| by: | Sep 5, 2008 |
Telefilm Canada has named Stephanie Azam as its new czar for English-language features, giving the former indie distributor the power to greenlight features though its $100-million Canada Feature Film Fund.
So it's fitting that the Ottawa native, previously at New York's Zeitgeist Films, "speaks" box office and has a real marketing background.
"I joined Zeitgeist when we were releasing [Oscar-winner] Nowhere in Africa," Azam told Playback Daily, shortly after she was tapped by Telefilm on Thursday night. "It was my first experience on a major release, and it made close to $6.5 million at the box office," in 2003.
Her time at Zeitgeist also gave her experience with U.S. launches of Canadian films such as Marc Achbar's The Corporation, a heavy-hitting doc that required target marketing, and Into Great Silence, a three-hour doc about monks that made nearly $800,000 at the box office. "That was all about a target-market niche," she notes.
She will make all final decisions on which English-language features get greenlit by the federal funder.
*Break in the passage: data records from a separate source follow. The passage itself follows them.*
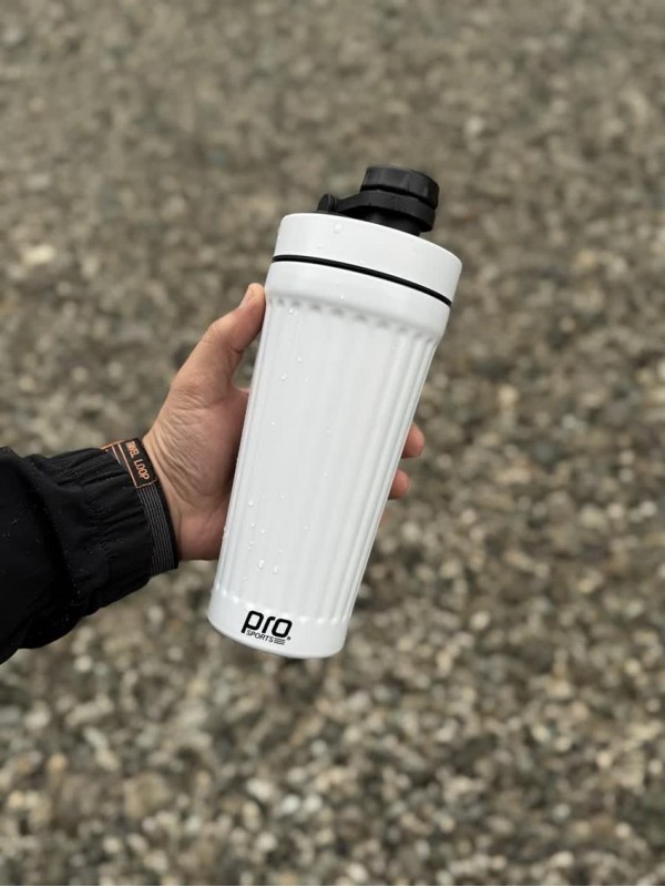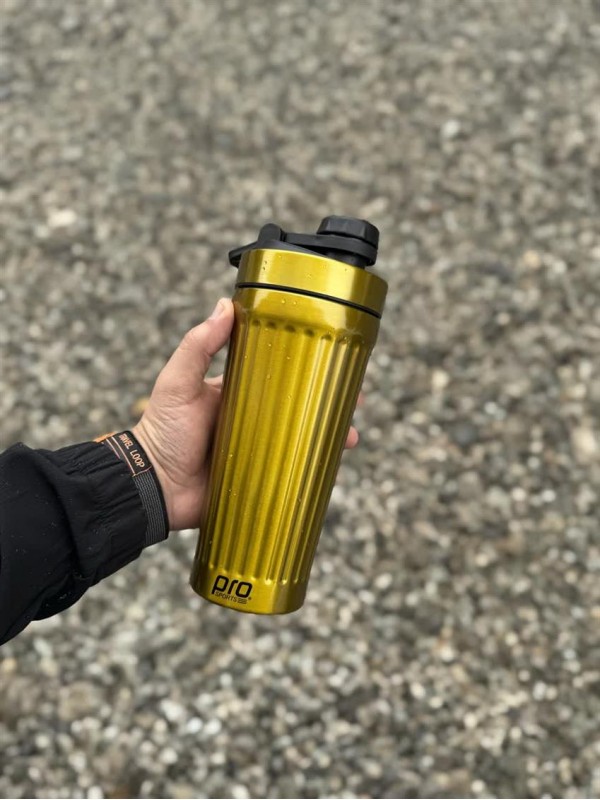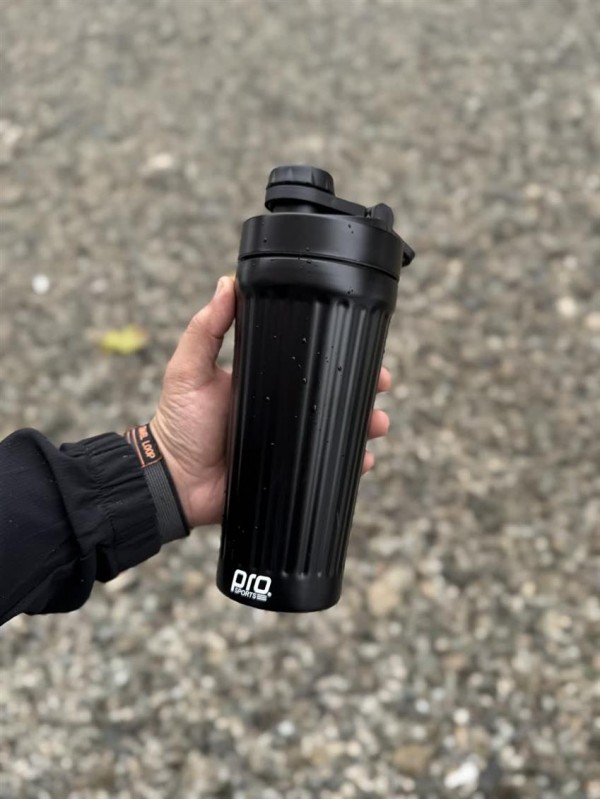 شیکر پرو اسپرت وارداتی فلزی درب پیچی واشر نشت گیر توپک شیک فلزی توری شیک جدا شونده بدنه شیاردار آنتی باکتریال ظرفیت 750 میل #1504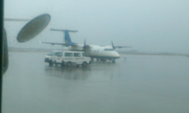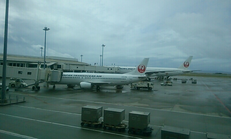 那覇空港でバードストライクがあり閉鎖との事。(飛行機と鳥が衝突する事)10分でオープン。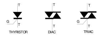 Triac adalah thyristor yang bekerja untuk AC sedangkan diac akan menahan arus kearah dua belah fihak, tetapi setelah tegangan melampaui suatu harga tertentu, ia akan menghantar secara penuh.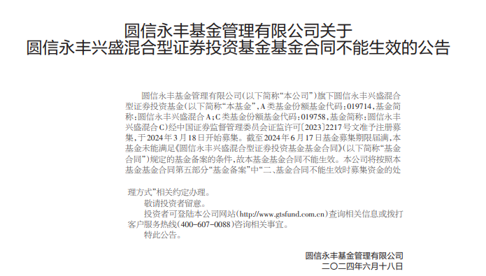 今日,圆信永丰基金公告称,圆信永丰兴盛混合于2024年3月18日开始募集,截至2024年6月17日基金募集期限届满,因未能满足基金合同规定的基金备案条件,故基金合同不能生效。
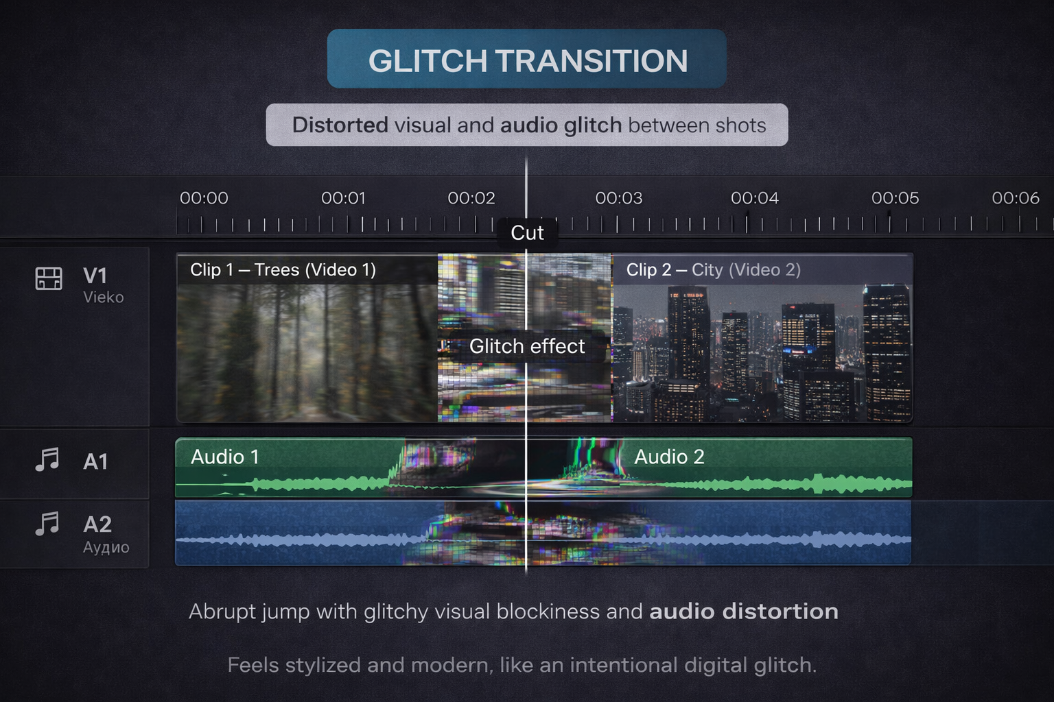 In electronic music, hip-hop, and experimental genres, this works because the aesthetic aligns with the music's production style. Glitch edits look like what digital music sounds like. The transition isn't fighting the genre — it's speaking its language.
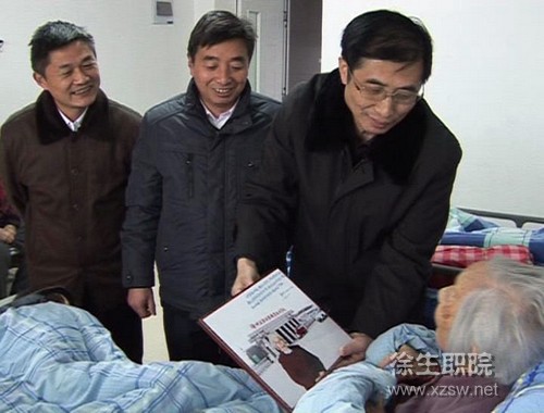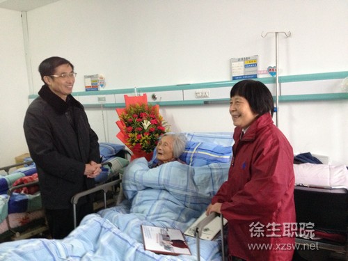 在我院揭牌仪式刚刚结束以后,12月13日上午,学院领导蒋留生、秦越华、刘明生在工会副主席胡忍等同志的陪同下,来到徐州市老年病医院,专程看望和慰问我院建校初期的元老之一,百岁老人钟杏珍老师。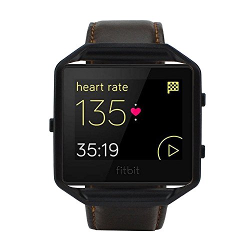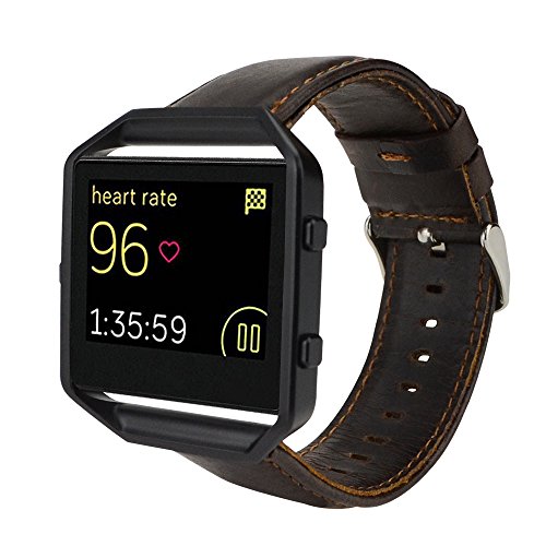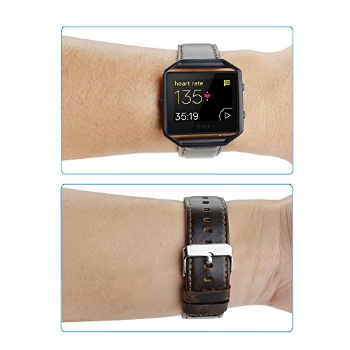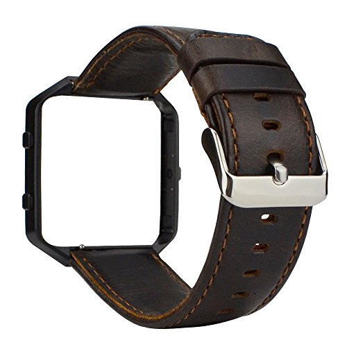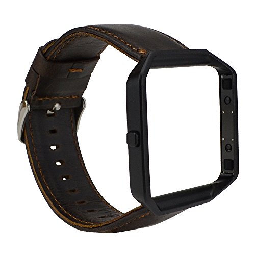 Coffee Leather Band with Black Frame. Compatible with Fitbit Blaze Fitness Smart Watch ONLY. For the size of wrist: 16cm - 22.5cm (6.3inch - 8.8inch). Width: 22mm. Note: People with sensitive skin (leather allergy) should use it with caution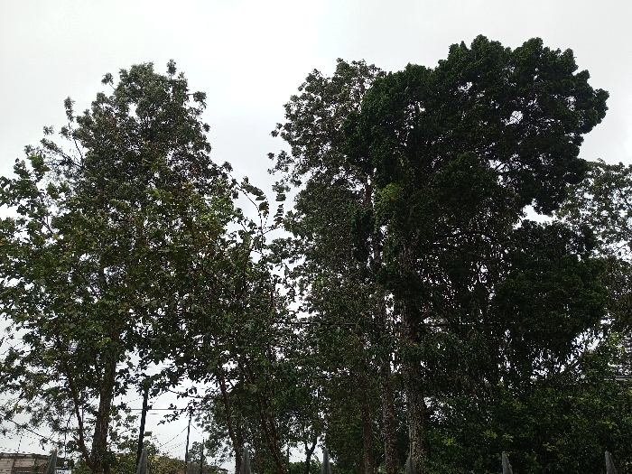 The image depicts a dense cluster of trees under an overcast sky. The trees vary in size and foliage density, with some appearing fuller and darker green than others. The tree trunks are visible, emerging from the undergrowth and leading up to the expansive canopies. Below the trees, glimpses of buildings and fencing indicate an urban or suburban setting. The lighting is muted, highlighting the textures of the leaves and branches.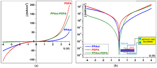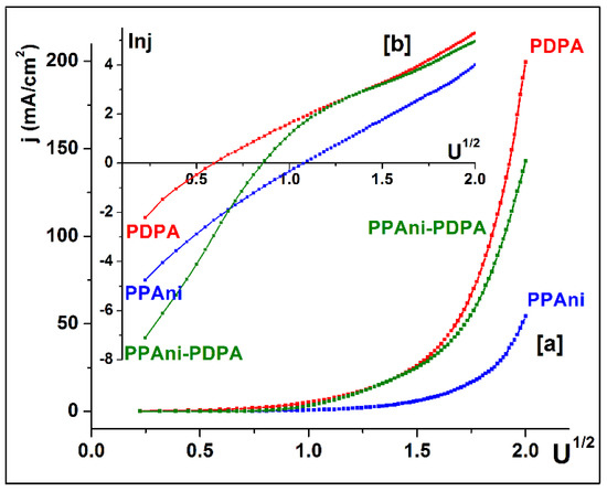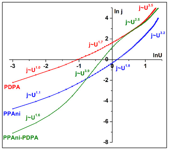To establish the possibility of the appearance of the Schottky barrier effect for these configurations, the graphs j vs. U1/2 (Figure 12a) and lnj vs. U1/2 (Figure 12b) were plotted. From the characteristics, it was highlighted that only the PPAni and PDPA structures present a lnj vs. lnU dependence close to the linear behavior characteristic of Schottky behavior. The PPAni-PDPA structure presents two distinct regions, depending onlnj vs. lnU, that present characteristics close to a linear behavior with a large difference between the slopes of lnj vs. lnU in the two regions; this fact indicates a weak Schottky behavior.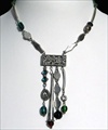 Bits of metal and glass beads artistically strung on a pale green cord. Hints of red, green & turquoise glass beads. Very bohemian and trendy.
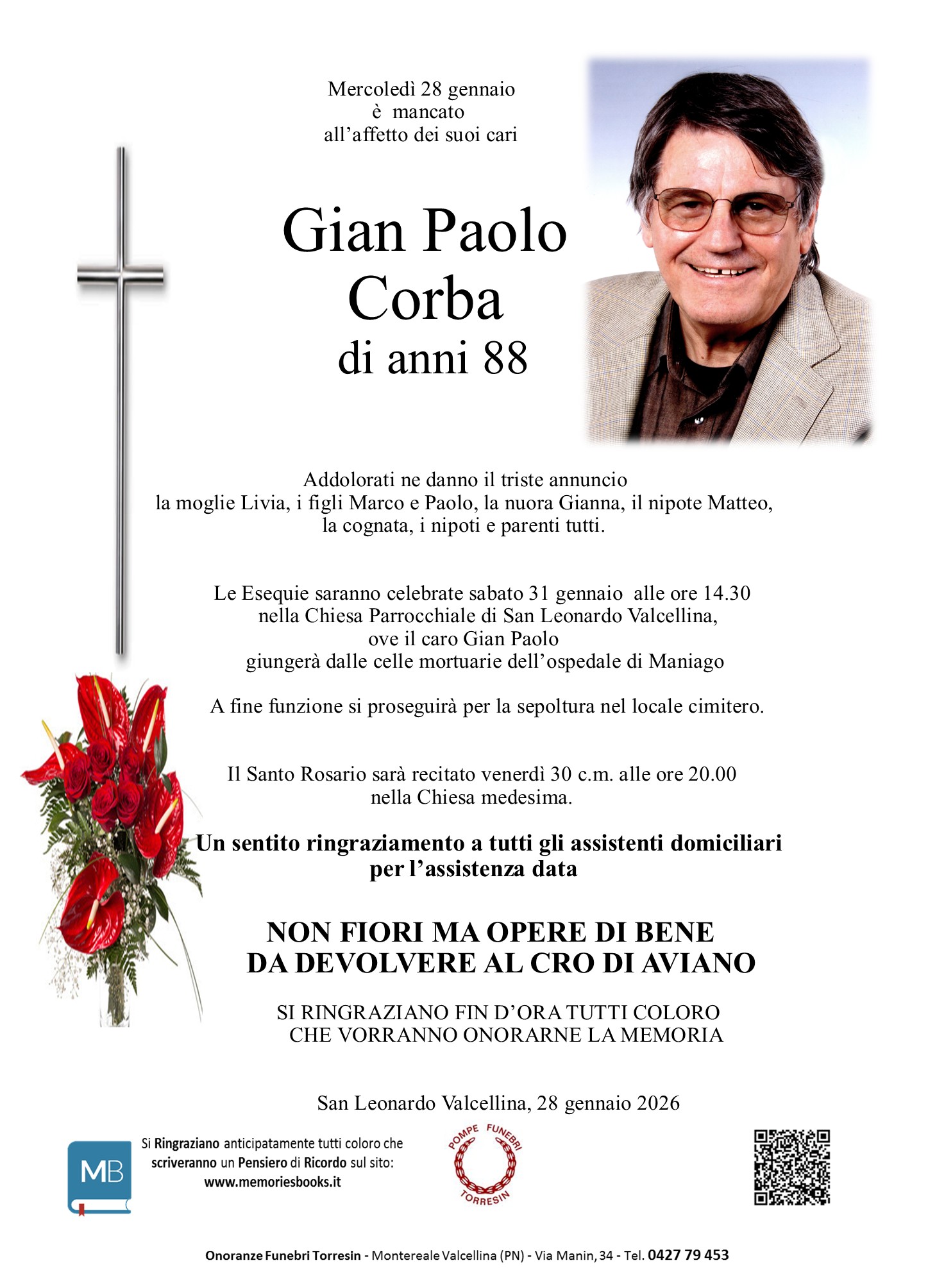 Apprendo con dispiacere la scomparsa di Giampaolo. La nostra famiglia si è avvalsa più volte delle sue competenze professionali. Era professionista preparato, ma anche vicino alle esigenze del cliente e pronto a dare consigli. Alla moglie, ai figli e tutti coloro che lo hanno amato in vita porgo le mie condoglianze. Ercolina e Teresa Magris

However, she plans to continue the current system of working hand-in-hand with Telefilm's four regional directors in charge of anglo fare -- John Dippong in the west, Dan Lyon in Ontario and Nunavut; Gord Whittaker in the Atlantic region, and Mélanie Hartley for the English market in Quebec.
Projects "get developed at the regional level and then they come to us, and regions make recommendations as to how we should spend the national fund," Azam explained about the decision-making process, noting that executive director Wayne Clarkson will no longer "be involved in feature film decisions."
She is responsible for all English-language investments over $1.5 million in the Canada Feature Film Fund. The Toronto-based exec will report to Montreal-based director of financing Michel Pradier, who in turn reports to Vancouver-based COO Elizabeth Friesen, who reports to Clarkson.
Azam replaces Clarkson, who was doing double duty as film czar since 2006. The position was created for Michael Jenkinson, who was there "for a heartbeat," according to a Telefilm spokesperson.
Clarkson has "been working with her since she started, and their strengths complement each other, but he's the exec director -- he can't hold both posts," said the spokesperson.
Azam's new position is effective immediately. She's looking to greenlight pictures that have both commercial and cultural appeal -- films such as Paul Gross' Passchendaele, Sarah Polley's Away from Her and Trailer Park Boys 2 -- that are also in sync with the corporate mandate to up Canada's box office take on its own turf to 5%.
The $20-million Passchendaele "is super commercial and culturally relevant," Azam insists, "so we don't necessarily think you have to have one or the other. We're expecting good things from Passchendaele. I think that film could easily make $2 million [at the box office] and that would be considered a huge success."